Scientists have found what they think is the oldest fossil on Earth, a remnant of life from 3.7 billion years ago when Earth’s skies were orange and its oceans green.

In a newly melted part of Greenland, Australian scientists found the leftover structure from a community of microbes that lived on an ancient seafloor, according to a study in Wednesday’s journal Nature .

The discovery shows life may have formed quicker and easier than once thought, about half a billion years after Earth formed. And that may also give hope for life forming elsewhere, such as Mars, said study co-author Martin VanKranendonk of the University of New South Wales and director of the Australian Center for Astrobiology.

“It gives us an idea how our planet evolved and how life gained a foothold,” VanKranendonk said.

Scientists had thought it would take at least half a billion years for life to form after the molten Earth started to cool a bit, but this shows it could have happened quicker, he said. That’s because the newly found fossil is far too complex to have developed soon after the planet’s first life forms, he said.

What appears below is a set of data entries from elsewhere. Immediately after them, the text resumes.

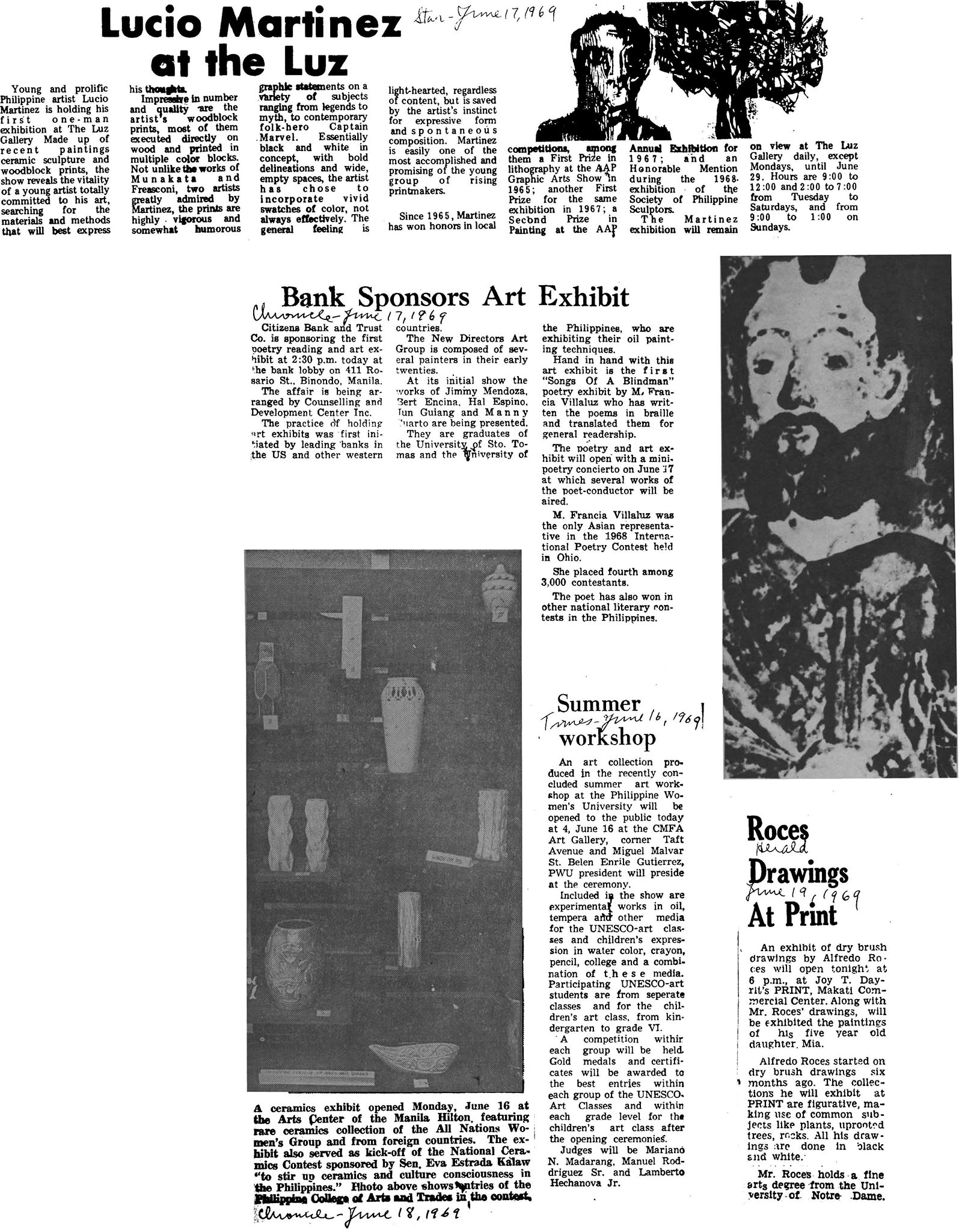 Lucio Martinez at the Luz; Bank Sponsors Art Exhibit; Summer Workshop; Roces Drawings At Print; [Photograph of Manila Hilton Ceramics Exhibit]
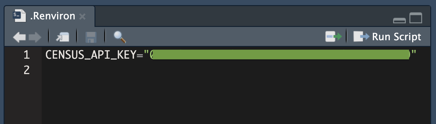 Then in your R scripts, you can access the API key using Sys.getenv("CENSUS_API_KEY"). This way, you can use the API key without hardcoding it into your scripts.
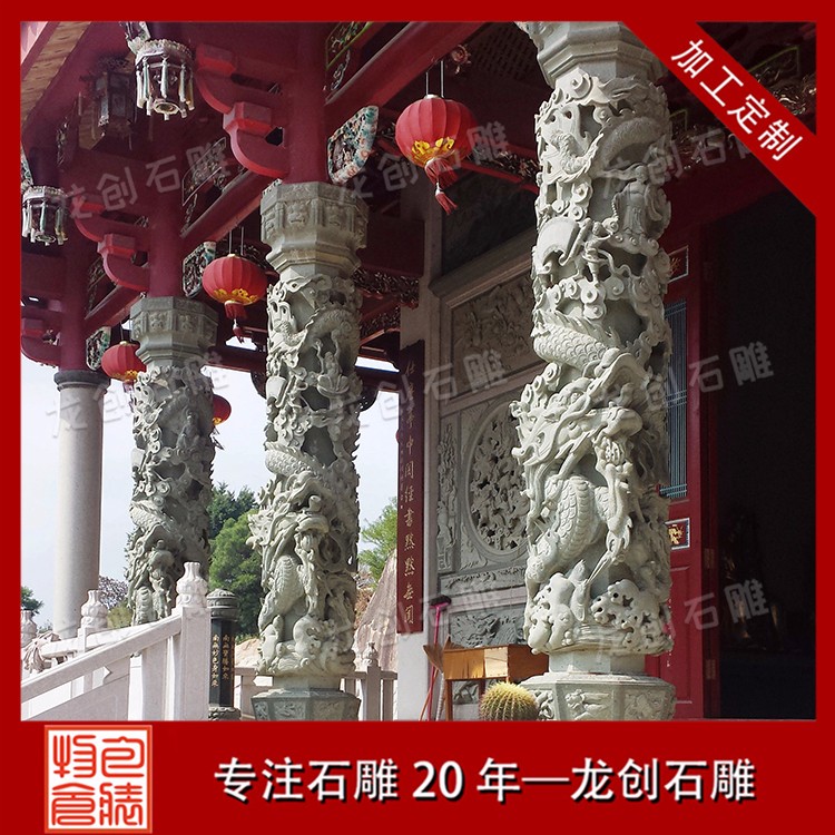 現在修建一些寺廟、家族祠堂、廟宇之類的都會在門口放置兩根石龍柱、或者更多,使其建筑顯得更加壯觀,該如何選擇哪種造型,哪種比較適合自己的建筑,下面我就帶你們來了解一下這方面的相關知識。現在使用的石龍柱分為兩種,一種是雕刻一條龍的,纏繞在石柱上面龍頭朝向正前方,龍身以外有祥云和山水襯托,嘴里面吐出水浪和龍珠。而另外一種就是雕刻兩條龍,兩個龍頭都朝向中間的位置,中間會有一個火龍珠,這樣的被稱作二龍戲珠。
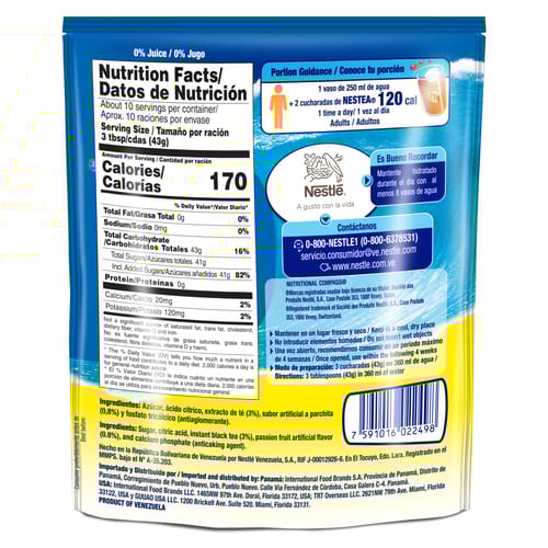 Ingredientes: Azúcar, ácido cítrico, extracto de té (3%), sabor artificial a parchita (0.8%) y fosfato tricálcico (antiaglomerante).
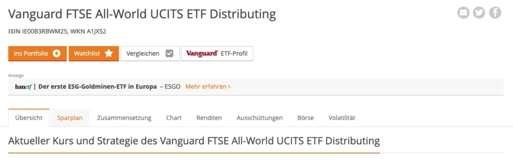 Schritt 4: Richte einen ETF Sparplan für das Kind ein. Wir empfehlen für den langfristigen Vermögensaufbau des Kindes einen breit gestreuten Welt-ETF wie den Vanguard FTSE All-World.

In an outcrop of rocks that used to be covered with ice and snow, which melted after an exceptionally warm spring, the Australian team found stromatolites, which are intricately layered microscopic layered structures that are often produced by a community of microbes. The stromatolites were about .4 to 1.6 inches high.

It “is like the house left behind made by the microbes,” Van- Kranendonk said.

“It would have been a very different world. It would have had black continents, a green ocean with orange skies,” he said.